En consecuencia, el respeto mutuo, el dialogo entre contrarios, la conciliación de intereses en competencia, los pacto y arreglos políticos, se convierten en valores esenciales de la democracia y; las fuerzas armadas son definidas como instituciones apolíticas, obedientes, no deliberantes, bajo la dirección política del poder civil y al servicio de la Constitución y de las leyes de la república. En tal sentido, la democracia no es sólo el ejercicio del voto “universal, directo y secreto”, sino que es, sobre todo, la conformación de un gobierno que garantice el respeto de los derechos civiles y políticos de los ciudadanos –hoy llamados derechos humanos-, sin discriminación alguna.

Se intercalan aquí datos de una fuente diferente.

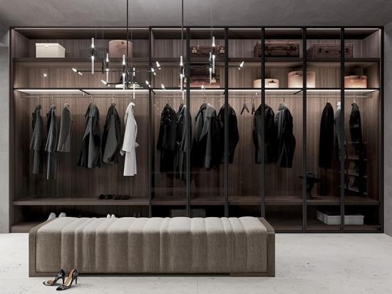 Это деревянный шкаф со стеклянной дверью Встроенная светодиодная лента — одновременно стильная и элегантная. Стеклянная дверца позволяет быстро и удобно находить нужную одежду.

El resultado fue que, el sistema político venezolano desarrolló, a partir de 1958, una inteligente estrategia de conciliación de intereses entre los actores políticos diferenciados, a excepción de los comunistas. La distribución de los cargos de elección pública se hizo de acuerdo a la voluntad política de los votantes. Así mismo, las instituciones de contraloría y de fiscalía quedaron bajo la dirección de funcionarios no partidizados, al igual que los magistrados, y, las FAN cumplieron su función al enfrentar con éxito los levantamientos militares, las guerrillas izquierdistas y la defensa de la soberanía en el caso del Caldas colombiano. Se logró así, legitimar una base política mínima para la estabilidad de un sistema democrático competitivo de partidos, sindicatos, gremios, asociaciones y otras formas de expresión de la pluralidad de intereses de la sociedad venezolana.

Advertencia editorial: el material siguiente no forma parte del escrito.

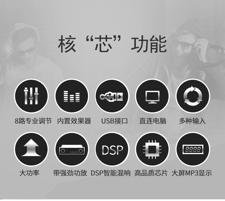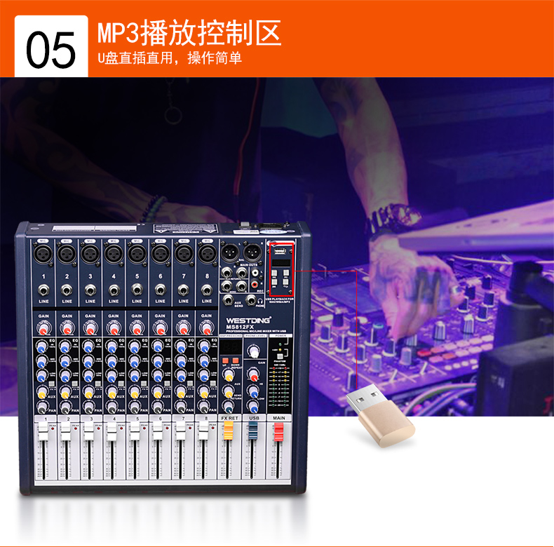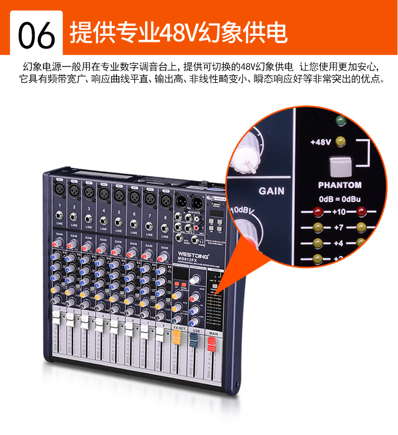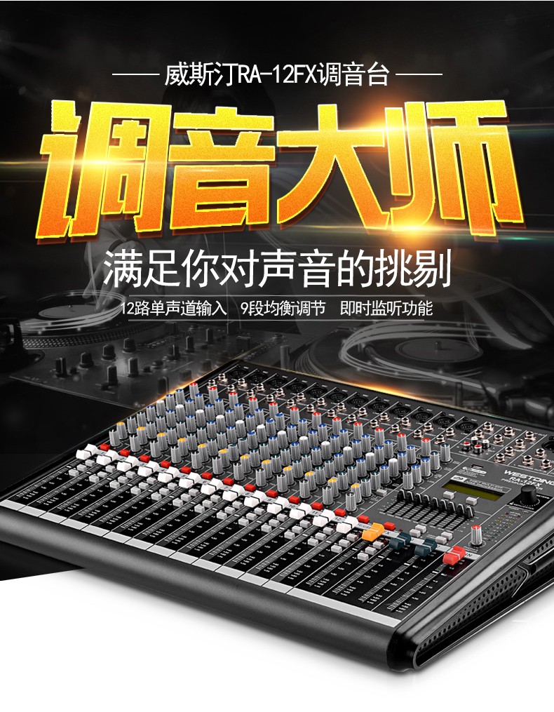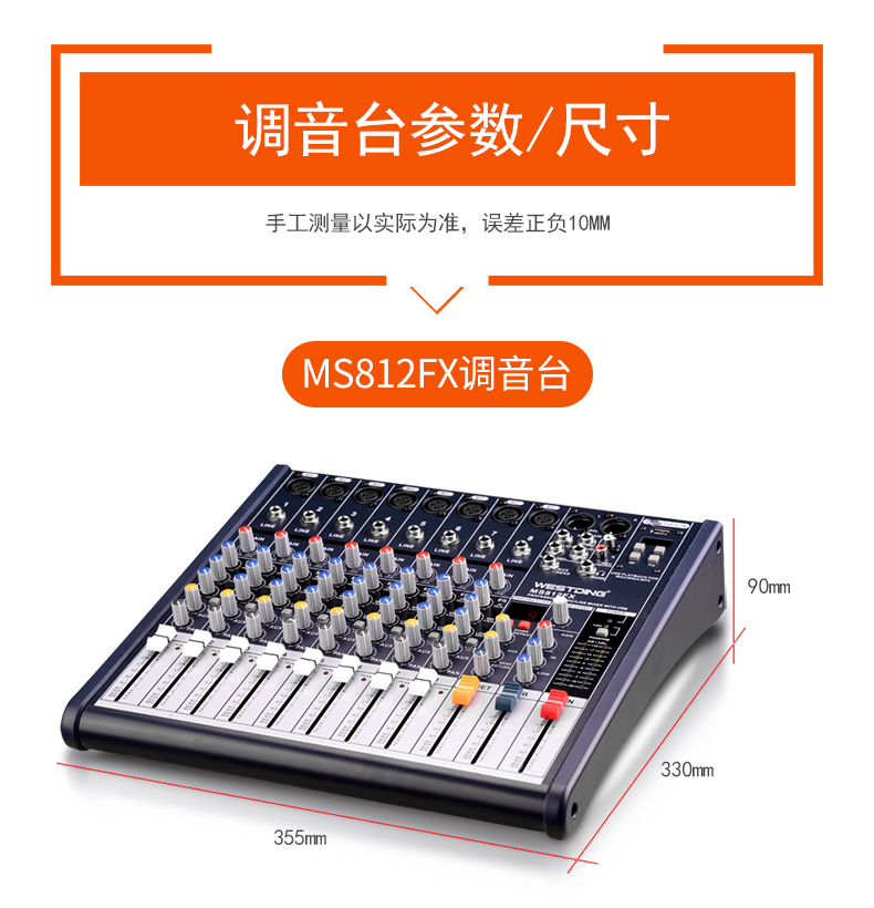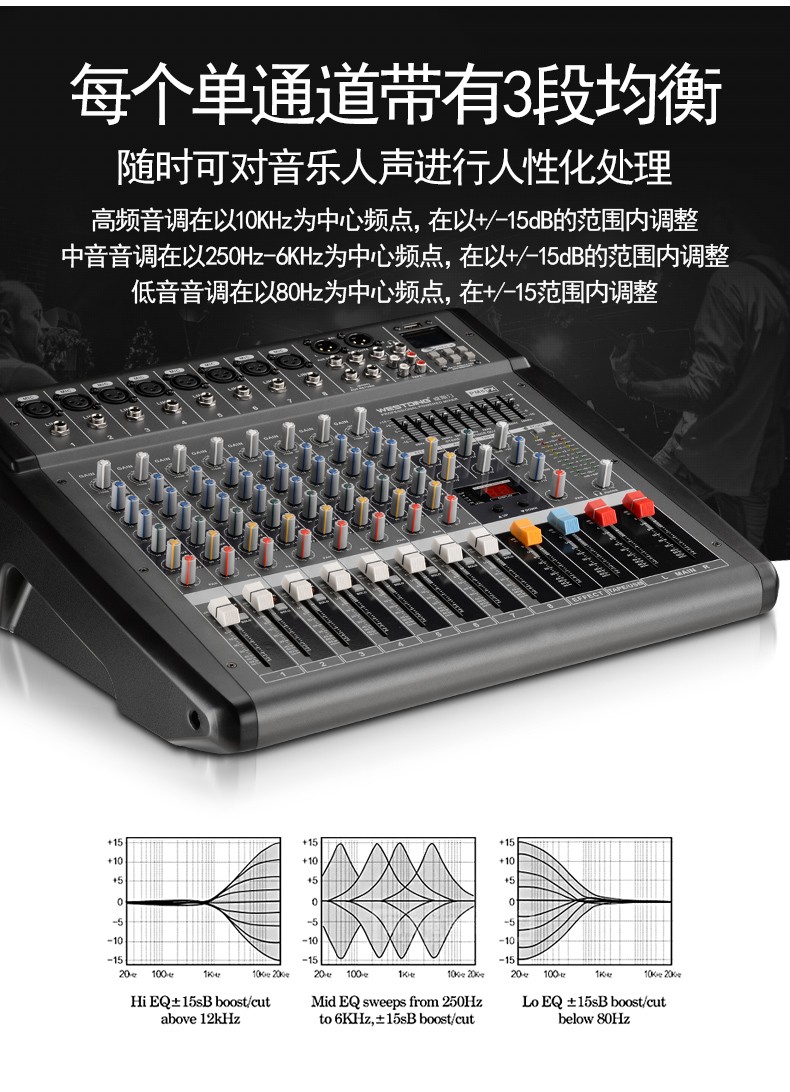 商品名称:威斯汀8FX舞台专业8路调音台ktv演出音响控音设备大功率数字音频混响调音器带功放

Las debilidades de la democracia se incuban, cuando las políticas públicas, propia de una sociedad abierta, son progresivamente sustituidas por la sordidez y voracidad de las elites del poder. Una vez más, tales desvaríos estimularon la acumulación de tensiones políticas y sociales. La respuesta, a tales fallas del sistema democrático, se articuló a través de una alianza de militares y civiles incongruentes, quienes apoyados en la movilización de miles de venezolanos, perpetuamente excluidos, portadores de una cultura política mesiánica, heredada de centurias de caudillismo, lograron ganar las elecciones en 1998 y establecer un gobierno de confrontación y exclusión política.
De esta forma, una contra elite, nutrida por las debilidades de la democracia, ha logrado constituirse en elite gobernante y durante una década se ha empeñado en convertirse en una elite del poder, desplazando implacablemente a los líderes de los partidos políticos históricos de las posiciones públicas; arrasando las instituciones jurídicas, electorales, financieras, petroleras y militares de la presencia de jueces, autoridades, gerentes y oficiales de distinto rango con opiniones políticas diferenciadas.
De esta forma, el modelo democrático de conciliación de élites, ha sido sustituido por un indefinido y confuso modelo “de democracia participativa y protagónica”. Hasta el presente, aún persiste el acto electoral para la selección de los funcionarios públicos y, allí reside la fuente creadora de una renovada democracia de conciliación y dialogo, ahora imperativamente social; superior a la elitista puntofijista y a la de un proceso revolucionario estéril. La fisura simétrica de los resultados electorales del 15F así lo anuncia. Sólo el dialogo creador entre todos podría lograr sortear, con cierto éxito, la “tormenta perfecta” que se avecina.